Conservative Thomas Klestil elected president of Austria


VIENNA, Austria -- Thomas Klestil, the chief of Austria's diplomatic corps and a former ambassador to the United States, was elected yesterday to succeed President Kurt Waldheim, whose record as an officer in Hitler's army isolated the country diplomatically for six years.

In a runoff between the top two candidates to emerge from initial voting last month, Mr. Klestil, the 59-year-old candidate of the conservative People's Party, received more than 56 percent of the votes, against about 43 percent for Rudolf Streicher, the Social Democratic candidate and a former minister of transport and state industries.

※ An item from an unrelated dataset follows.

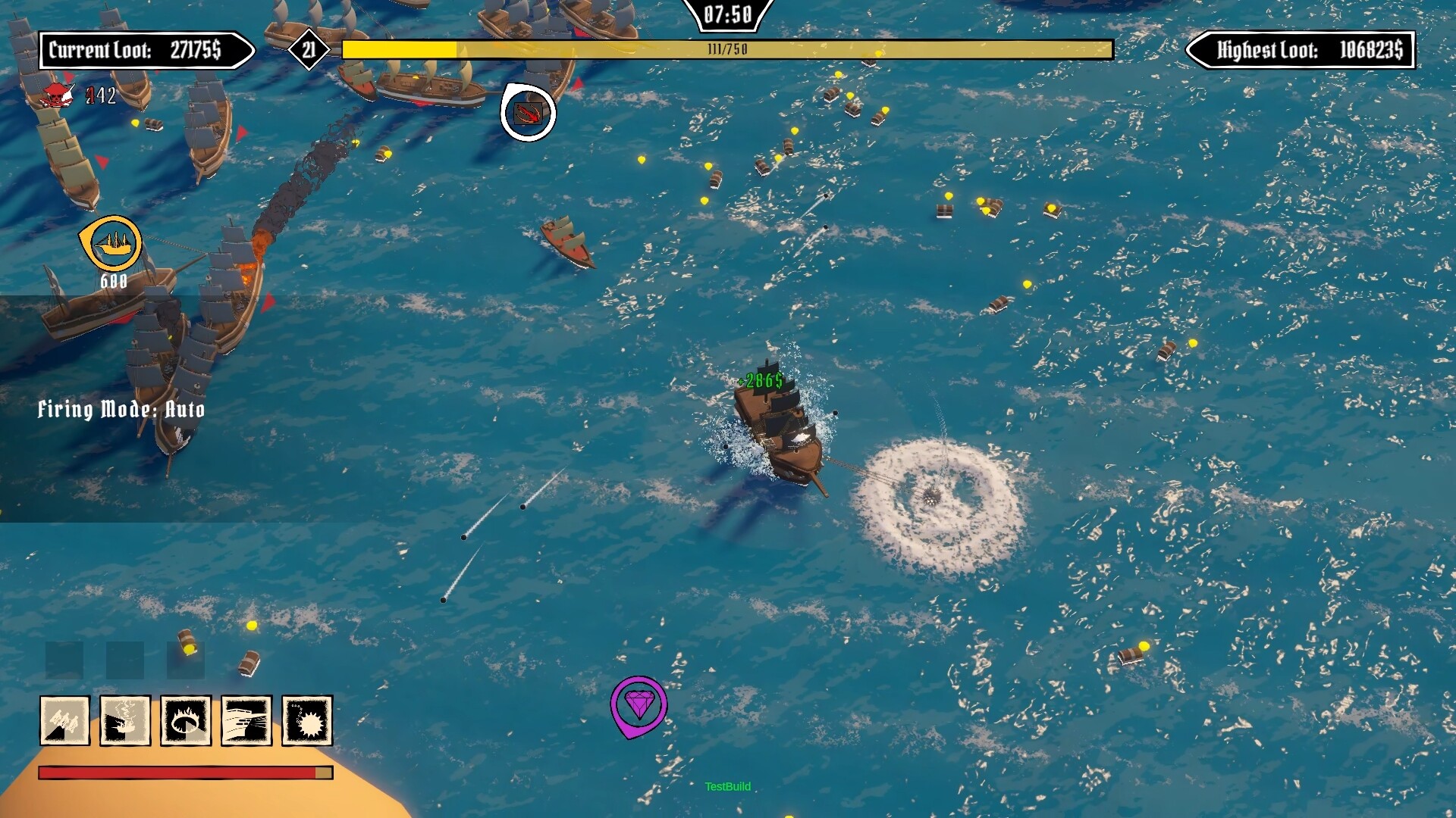 A pirate-themed, minimalistic, survivors-like where you dodge cannonballs, sink enemy ships, expand your arsenal, and loot their wrecks to climb the ranks. Upgrade your ship and become the ultimate pirate!

The results for the largely ceremonial presidency were based on preliminary tallies of all votes except those cast by Austrians abroad.

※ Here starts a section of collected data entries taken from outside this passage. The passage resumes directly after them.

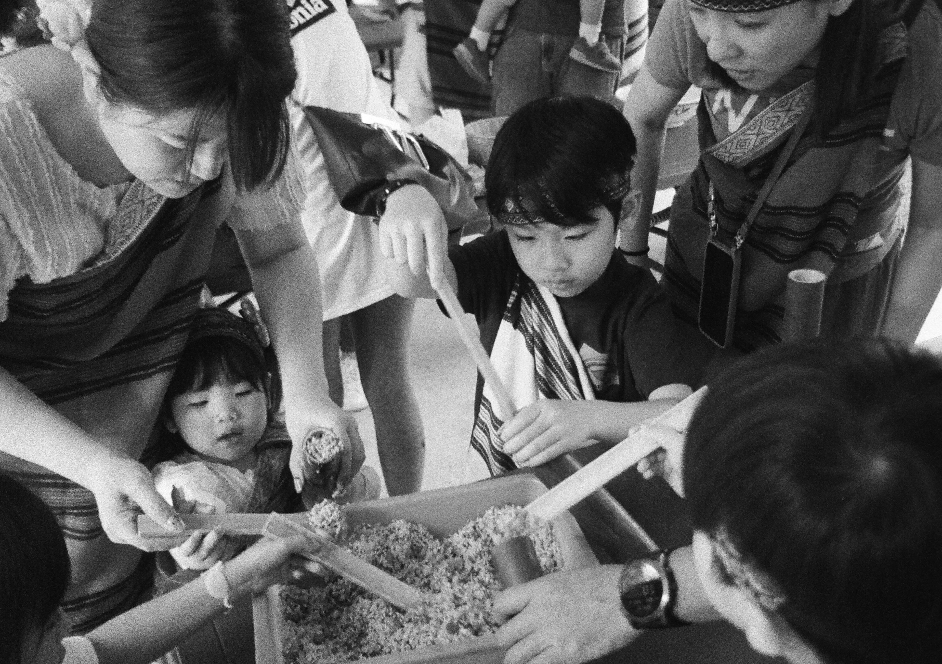 今天兒子班上有原住民文化的體驗活動,我們正在製作竹筒飯。照片中正在鋸竹子的小姐是我太太,在一旁扶著竹子的小男生是我兒子。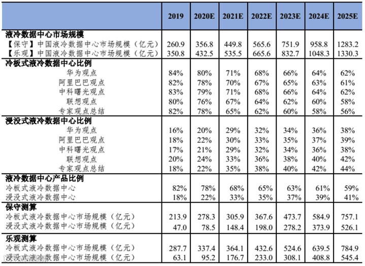 根据《中国液冷数据中心发展白皮书(2020)》,保守情况下,我国数据中心2019年的市场规模为260.9亿元,预计2025年达1283.2亿元,其中,浸没式液冷的市占率逐年提升,2019年浸没式液冷的市场规模为47.0亿元,预计2025年达526.1亿元,CAGR为49.56%;乐观情况下,2019年的市场规模为63.1亿元,预计2025年达545.4亿元,CAGR为43.26%。同时,根据英维克(002837.SZ)数据,温控设备占数据中心成本的16.7%;根据施耐德电气数据,制冷系统占数据中心成本的20.1%(20kW/机柜)。按照平均18.4%计算,预计2025年浸入式液冷散热系统的市场规模为109.63亿元。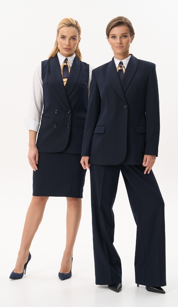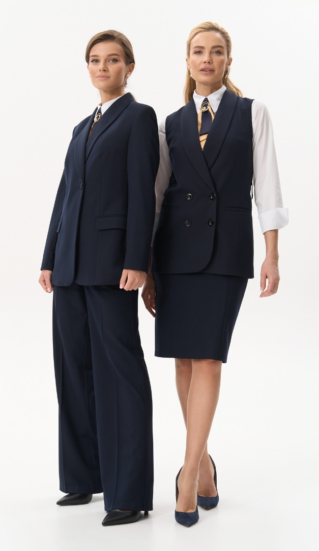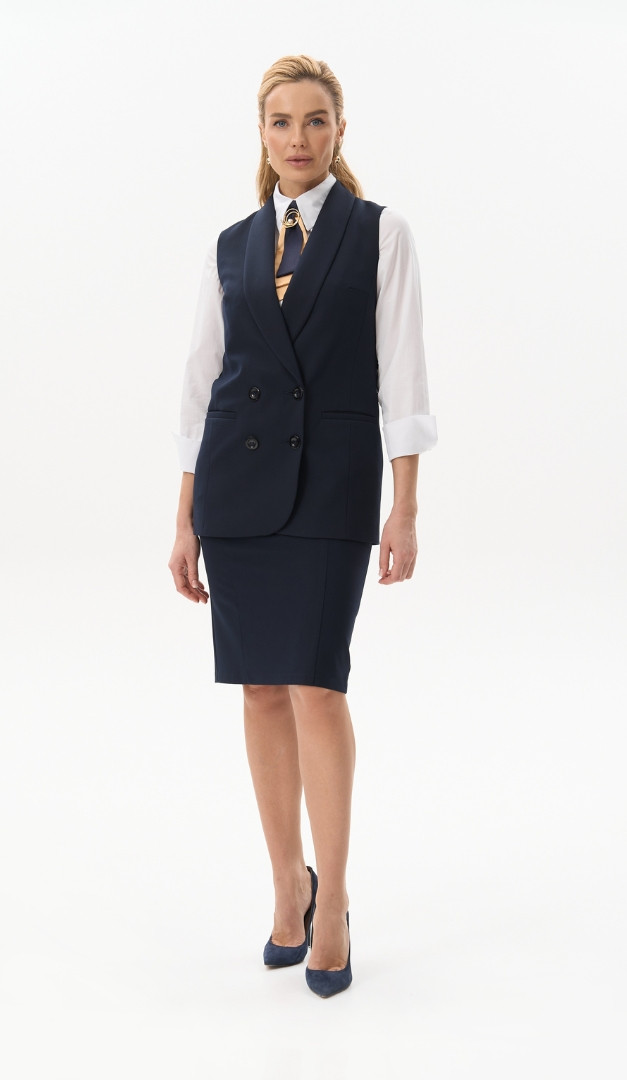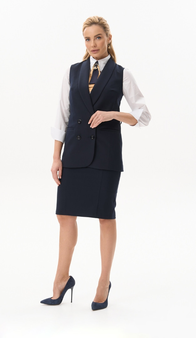 На фото создан образ с юбкой базовой синей (арт.4059) и блузкой базовой на пуговицах белой (арт.4068).

Mr. Klestil, who was an almost unknown career diplomat when he was nominated, scored the highest percentage of any presidential candidate since World War II.

Mr. Waldheim has been ostracized politically because he served as an intelligence officer for the German army in World War II and then covered up his activities when they became public in 1986.

The isolation may end when Mr. Klestil's term begins July 8.

"I intend as soon as possible after my inauguration to engage the neighboring countries and most important European Community countries in short working visits," Mr. Klestil told Austrian Radio last evening.

He said he would also try -- as he did in 1986 when he was ambassador to the United States -- to convince the United States of what he called the unjust decision to bar Mr. Waldheim as an undesirable alien.

The election results show that Mr. Klestil succeeded in picking up nearly all the votes that had gone to the far-right Freedom Party candidate, Heide Schmidt, in the first vote, on April 26.